Tieken attached to his Answers to Admissions and Interrogatories and Requests for Production of Documents copies of three (3) Applications for Settlement of Indebtedness in which he extends an offer to settle his debt with the Government with a payment of "zero" dollars. See Exhibit 2, attached to the Declaration of Ellyn Grant. These documents are signed by him but are not signed by the Government. There is no indication that the documents were received by the Government, and yet Tieken asserts that the third Application for Settlement was his response to the Government's demand for payment. Even if Tieken intended the third Application for Settlement to respond to the Government's demand, it did not respond in a manner that resolved the dispute.
As for Tieken's complaint that Government attorney's declaration is somehow invalid, the Court notes that such a declaration is allowed in place of an affidavit sworn upon an oath provided that it satisfies the requirements of 28 U.S.C. § 1746. The Government attorney's Declaration satisfies the requirements of the statute in declaring under penalty of perjury that the statements made are true and correct. The Declaration serves only one purpose, to established that the documents attached to the Declaration are what they purport to be. Because the Declaration establishes the authenticity of the documents, the Court may rely upon those documents in considering the motion.

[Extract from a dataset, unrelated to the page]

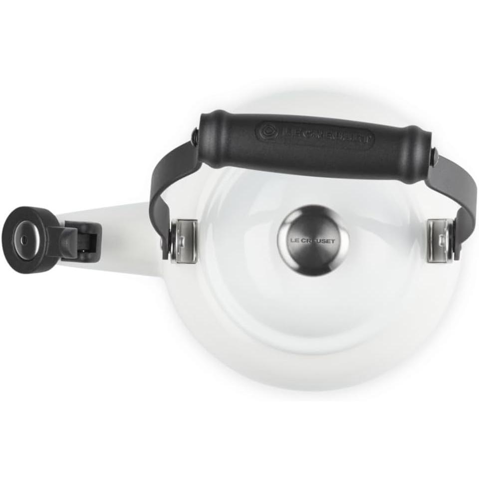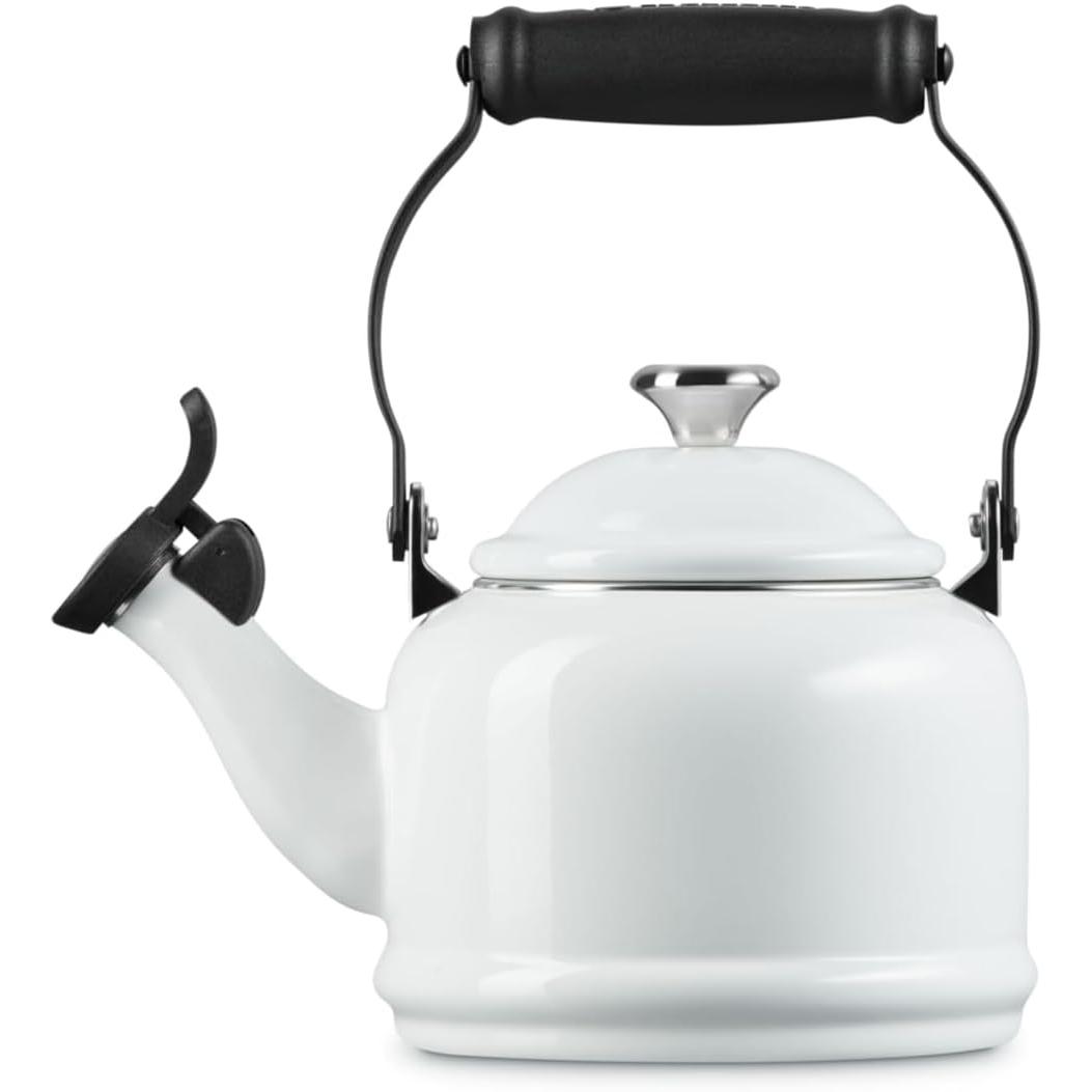 Traditional styling combined with modern materials and gorgeous colors make the Le Creuset demi teakettles a welcome addition to any stovetop. Ther unique, locking handles and phenolic knobs make lifting, pouring and cleaning easy. The carbon-steel construction ensures rapid heat conudction on any stovetop, including magnetic induction. 1.25-qt. capacity with a whistle alert when the water boils.

Tieken also challenges Buethe's Affidavit as "not a properly formatted or executed affidavit." The Court disagrees. Buethe's Affidavit is made based on his personal knowledge; it contains relevant facts; and it is sworn and notarized. In his capacity as Acting State Director of Rural Development, Buethe has knowledge of Tieken's loan file and its contents. This is just the type of affidavit evidence contemplated by Fed.R.Civ.P. 56.

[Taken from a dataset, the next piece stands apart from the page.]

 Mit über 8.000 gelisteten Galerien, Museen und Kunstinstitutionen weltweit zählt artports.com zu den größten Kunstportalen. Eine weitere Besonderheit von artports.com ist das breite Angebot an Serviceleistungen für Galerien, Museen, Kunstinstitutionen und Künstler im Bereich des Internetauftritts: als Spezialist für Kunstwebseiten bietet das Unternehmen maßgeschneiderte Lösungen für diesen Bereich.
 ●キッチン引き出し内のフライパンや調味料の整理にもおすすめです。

The Court has examined the record in the light most favorable to the nonmoving party, as it must, and finds that entry of summary judgment in favor of the Government is required. See Get Away Club, Inc. v. Coleman, 969 F.2d 664, 666 (8th Cir. 1992). The Government has established its prima facie case, and Tieken has failed to meet his burden of proving the extinguishment, non-existence, or variance in payment of the debt. No genuine issues of material fact remain for trial, and the Government has established that it is entitled to summary judgment as a matter of law.
IT IS ORDERED:
(1) The Government's Motion for Summary Judgment (Filing No. 24) is GRANTED; and
(2) Tieken's Motion to Vacate a Void Judgment (Filing No. 26) and Amended Motion to Vacate a Void Judgment Clarification of Objections (Filing No. 27), to the extent they seek affirmative relief, are denied; and
(3) The Judgment and Decree of Foreclosure and Order for Sale will be filed herewith.